Now the room was silent as the hills. Doublestash came to and resumed the 101, now in high spirits. “Oh, yeah, the 4 Legs... The Board of Education, the Church, The Monarchy, and the ADM Headquarters...” He first pointed, now with his finger, at the structure in S-W beta, then at N-E gamma, then at N-W delta, then at S-E alpha. He cut himself short and turned around. “Shadow ... you follow?” The siblings had their palms in their faces.

Doublestash had the teacher’s desk shoved to the window side, and the kids were gathered in the front, leaning against their tables, like there was a campfire between them and Doublestash. They were like glue already, the four of them.

“And what about the Origin?” Doublestash shuddered at the thought. “This one.” He took the sharpie and whirled it over the circle at the origin of the whole map, where the lines of the four districts met.

“We know it’s the circle. What we don’t know is what it does.”

“Isn’t that where they play those games every year? Like, when they go up a tower, and they gotta clear each level? It’s pretty gnarly.”

Doublestash flitted in. “That’s a conspiracy theory! It’s nothing more than a stupid game show played up for TV. That’s all that it is.”

“I don’t know, chief, looks pretty real to me... People die... Apparently, the government’s gnarly hand is behind it... They kidnap people, delinquents, and force their friends or family to save them. It’s like a human sacrifice thing.”

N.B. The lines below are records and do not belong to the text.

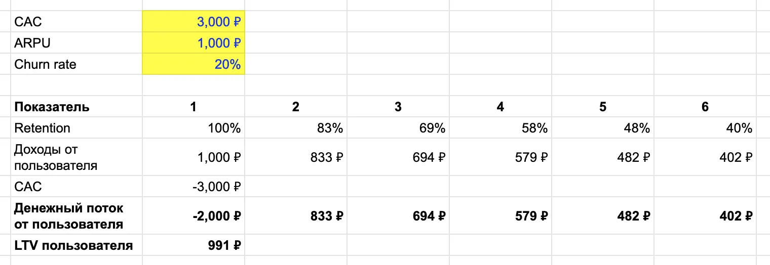 Привлечение подписчика стоит 3000 рублей. Вероятность, что он останется нашим клиентом на второй месяц, составляет 80%, на третий — 0,8 * 0,8 * 100% = 64%, и так далее. Средний месячный чек — 1000 рублей. Такой подписчик принесёт нам 3991 рублей за 6 месяцев, что на 991 рубль превышает CAC.
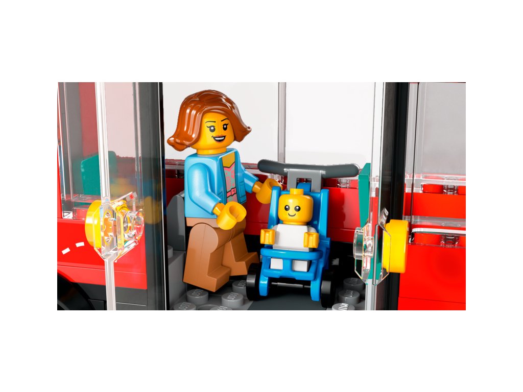 - Co najdete v krabici? – Tato stavebnice obsahuje vše, co děti potřebují k sestavení dvoupodlažního autobusu s vyhlídkovou plošinou a 5 minifigurek včetně miminka s kočárkem pro zábavné hraní
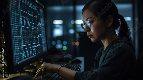 Woman programmer working on a computer in a dark room with a computer screen showing data on the screen. Generative AI
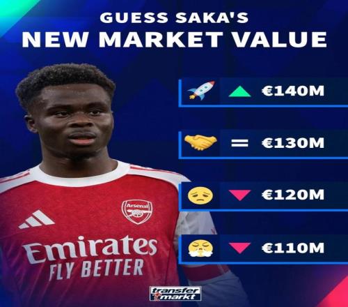 在德轉3月9日將會更新英超球員身價的情況下,他們也對現有身價1.3億歐元的薩卡進行了身價預熱。在德轉給出的4個選項中,薩卡身價最高漲至1.4億歐元,其次是1.3億歐元保持不變,然後是下降至1.2億歐元以及1.1億歐元。
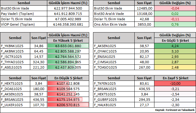 Bist30 Ekim vade sözleşme fiyatı günü yüzde 0,04 düşüşle 12.485 seviyesinden kapattı. Viop tarafında işlem gören şirketlerin günlük performansını (Ekim vade) değerlendirdiğimizde pozitif tarafta yer alan şirketler AKSEN ve OYAKC iken, negatif tarafta yer alan şirketlerse TKFEN ve BRSAN olarak kaydedilmiştir.
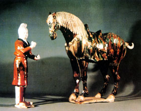 aches of painted pottery unearthed from the Zheng Rentai and Zhangshigui tombs are a new discovery of great value. The brightly colored human figures display a variety of postures; elaborate gestures, movements and facial expressions, and clothing and decorations, give these pieces a subtle, but lively look. Deserving of special attention are figurines of ethnic minority people, reflecting the close relationships between ethnic cultures in bordering areas and the culture of hinterland China. Camels carrying silk cloth also are symbols of China's friendly economic and cultural exchange with foreign countries during the Tang Dynasty.
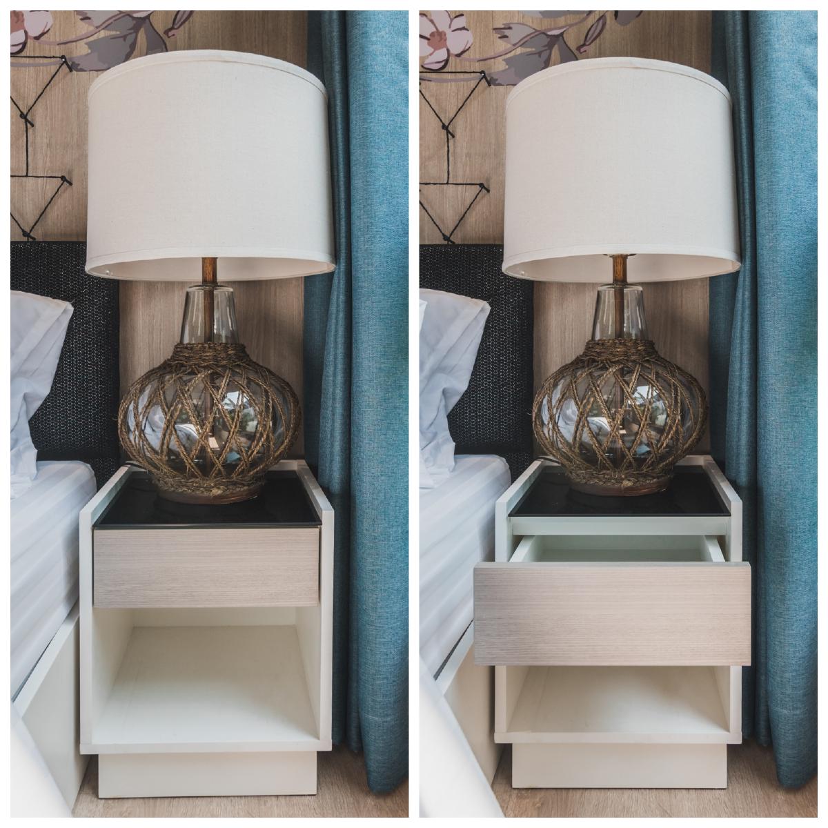 หัวเตียงวางโต๊ะขนาดเล็กให้ 2 ตัวซ้ายขวา พร้อมปลั๊กไฟและจุดต่อสาย LAN ฝั่งละ 1 จุด
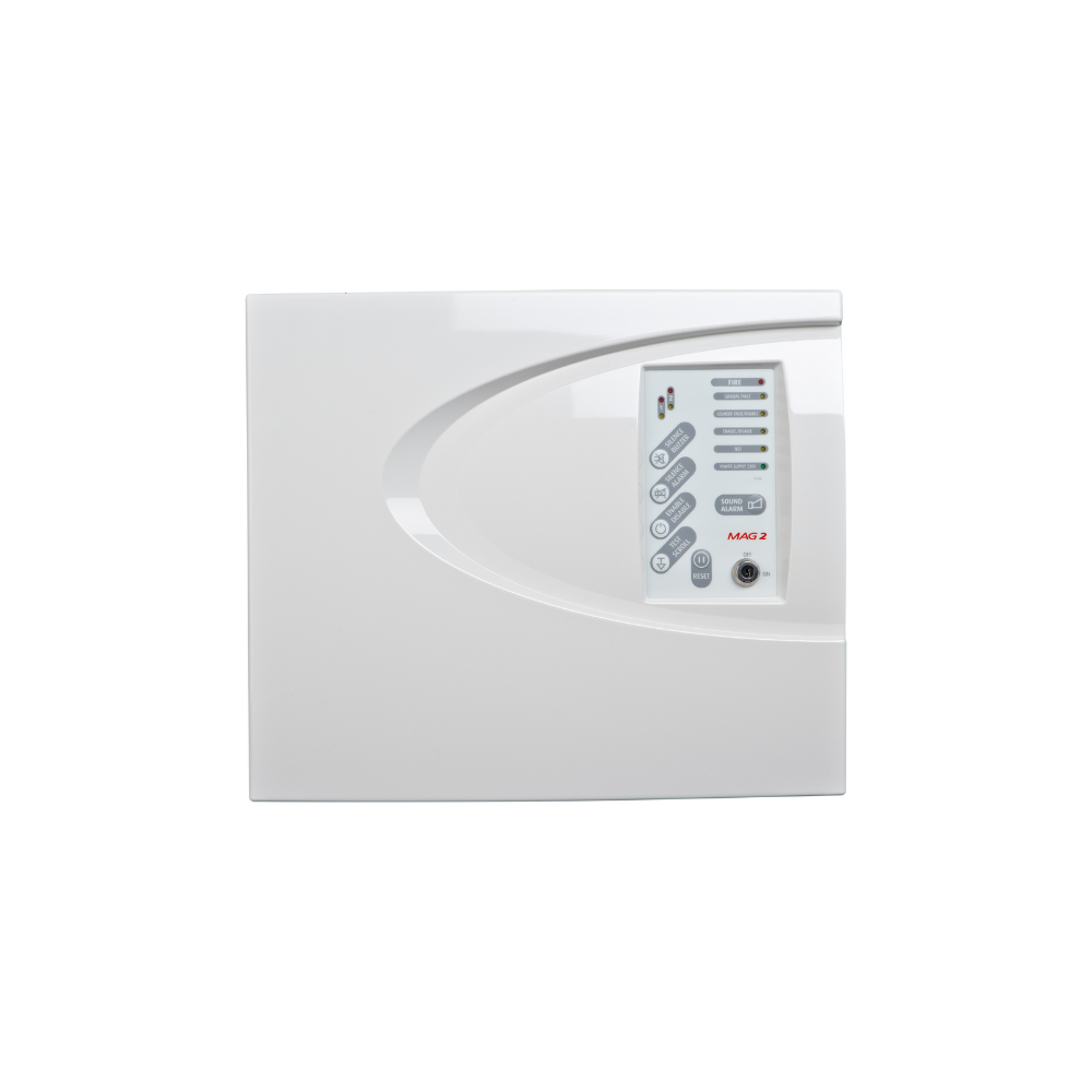 MAG2P is a conventional fire alarm panel certified to EN54-2/4 standard, providing 2 fixed zones. Up to 20 (32 SensoMAG Series) fire detectors can be connected to every fire zone. Unlimited number of call points can be connected to each of the fire zones.
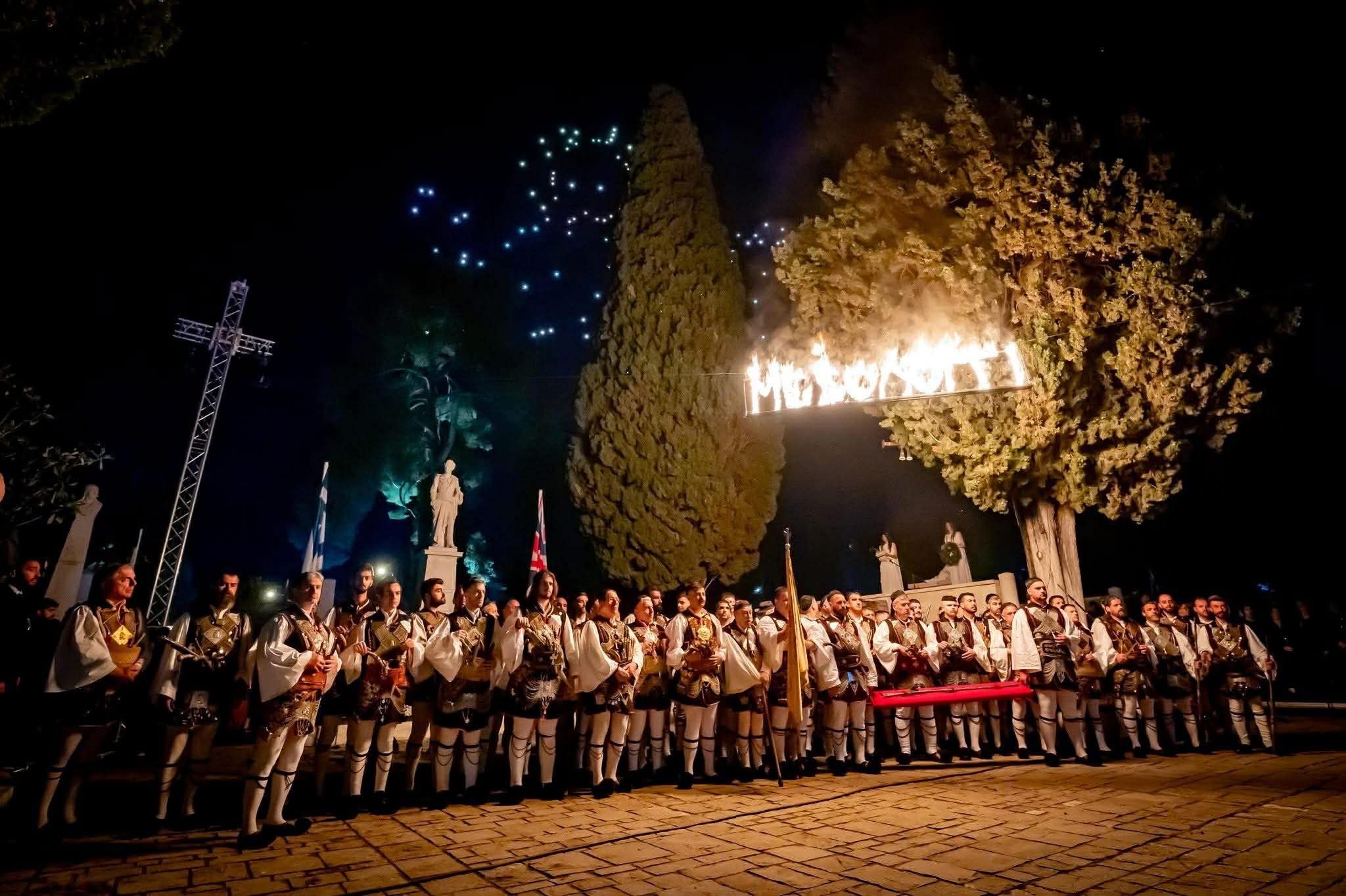 Ακολούθησε το δρώμενο της αναπαράστασης της νύχτας εκείνης και στη συνέχεια η ανατίναξη. Ρίχνανε και κανονιές. Και μετά το εντυπωσιακό drone show στον ουρανό με σύμβολα εμπνευσμένα από την Έξοδο. Κάπου εκεί επανερχόσουν στην πραγματικότητα, στο σήμερα και την τεχνολογία. Στο παλιό Νοσοκομείο προβάλανε εικόνες της Μάχης με light installation. Υπήρχαν Ήρωες που μιλούσαμε με τεχνητή νοημοσύνη. Ένα τεράστιος γερανός ύψωνε την σημαία της Επανάστασης, τη λευκή με τον κυανό σταυρό, τόσο ψηλά που την έβλεπες από όλη την πόλη. Αυτή τη σημαία, της Επανάστασης, είχαν κρεμασμένη και σε όλα τα σπίτια.
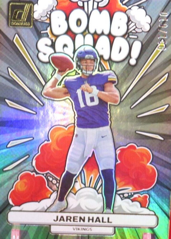 2023 Panini Donruss Jaren Hall Bomb Squad HOLO 78/100 Case Hit Rookie Vikings
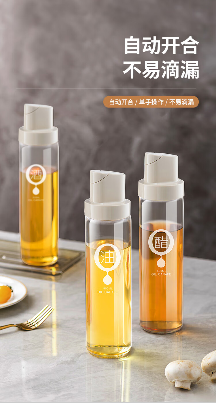 商品名称: 美厨(maxcook)自动开合油壶 玻璃油壶500ML 调料瓶酱油醋瓶 2只装MCPJ2747 玻璃油壶油罐/个
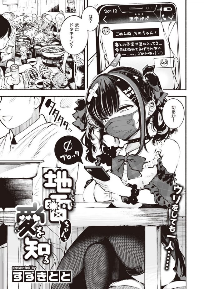 | 男性とP活してしまう事をなんとも思ってないような家出中の子がヒロインではあるものの、 最終的にきちんと人間らしさを回復するという良いストーリーになっている。 タイトルにある通り、ヒロイン・ちのちゃんの見た目はいかにもな「地雷系」女子。 そんなちのちゃんが淡い恋心を抱いていた遊くんと再会して、しっかりと女の子らしくなってしまう辺り大変なギャップ萌えである。 地雷系というスパイスがあるからこそのピュアな部分にドキッとさせられた。 遊くんのことを認知した後のトロンとした表情の書き分けもされており、作者さんの力量を感じさせる。 行為自体はマスクフェラを除いて実にノーマルなのだが、前述した通り、「普通の女の子」に戻っているという感じがして実に良い。 地雷系女子のオンリーワンになりたい人にとっての逆シンデレラストーリー。 見た目と違って実は良い子、みたいなヒロイン好きな人はぜひ。 |
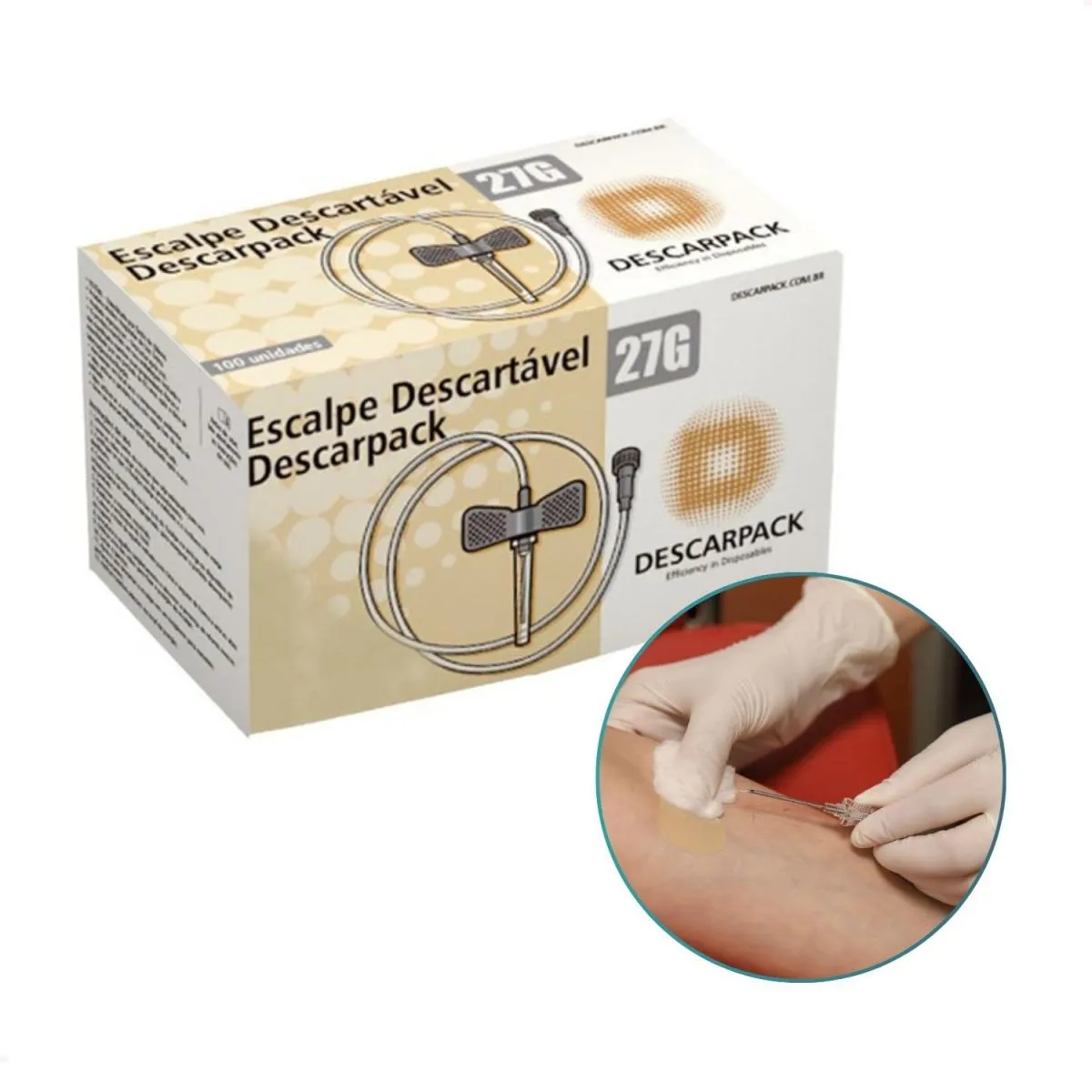 O Escalpe de Segurança Descarpack é um dispositivo médico estéril e descartável, desenvolvido para administração de medicamentos, soluções ou coleta de sangue por via intravenosa.
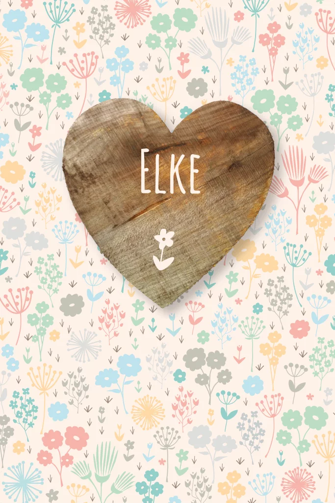 Mooi meisjes geboortekaartje Elke met hout en hart en bloemendessin
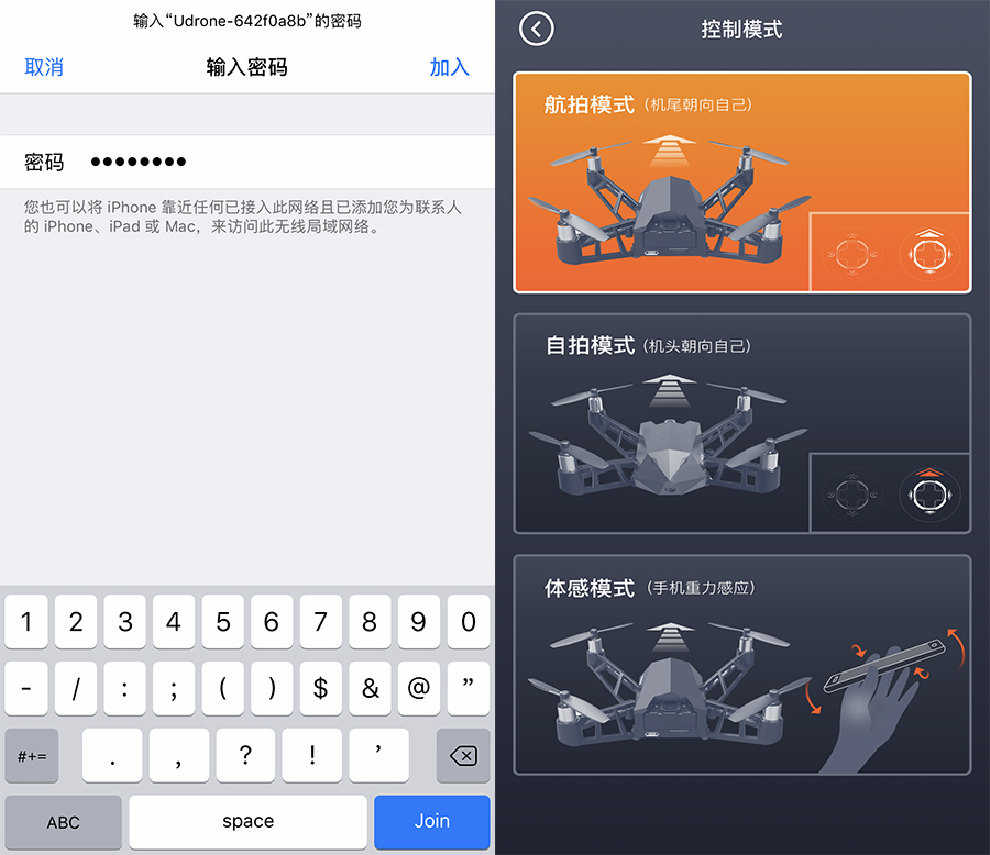 現(xiàn)在就開啟正式的飛行之旅吧,在移動設(shè)備上安裝UDrone應(yīng)用程序。將手機(jī)的Wi-Fi連接到無人機(jī)后就可開始飛行了。除了意念操控之外,常規(guī)的手機(jī)遙控飛行也是支持的,標(biāo)準(zhǔn)的美國手操控界面,無人機(jī)在起飛后會自動懸停在1.2米的高度等待用戶的后續(xù)操作。并且在航拍模式外,還支持自拍模式和體感模式的操控。

“Shut your trap!” Doublestash slammed the whiteboard. The sound reverberated. The kids winced.

“Nobody knows what happens in that tower except for the folks who work in that tower... What makes you think you know better?”

Something had gotten into Doublestash... A dark aura hovered about him, and his eyes glowed in white. Serverboy swallowed. He was being mad-dogged to hell. Then Doublestash came to, and got to sandpapering the side of his forehead. Then he smiled like nothing had just happened.

“Listen ... what I said about society, I didn’t mean it... I ... ignited your imaginations, that’s all. Heh... I’m sure nothing happens in that tower. Society is fine, it’s just all we hear are bad news... Well, sorry I went off on you.” He wasn’t very convincing. He was bobbing his head left and right, sucking in his lower lip, grasping for straws as he stammered through his speech. The kids just stood there, watching him incredulously. There was an awful silence.

Doublestash bobbed his head and sucked in his lower lip for some extra painful seconds, then spoke with a sigh. “All right... I think it’s about time we wrap this up.” He clapped his hands. “No point going too deep with a shard. I don’t wanna have to explain everything again.”

“A shard?” asked the siblings.

“A full squad is made of 12 soldiers. When we have less than 12, we call that a shard.”

“So we need more members,” said Serverboy, now in high spirits.

Doublestash smirked. “Let’s go recruit them!”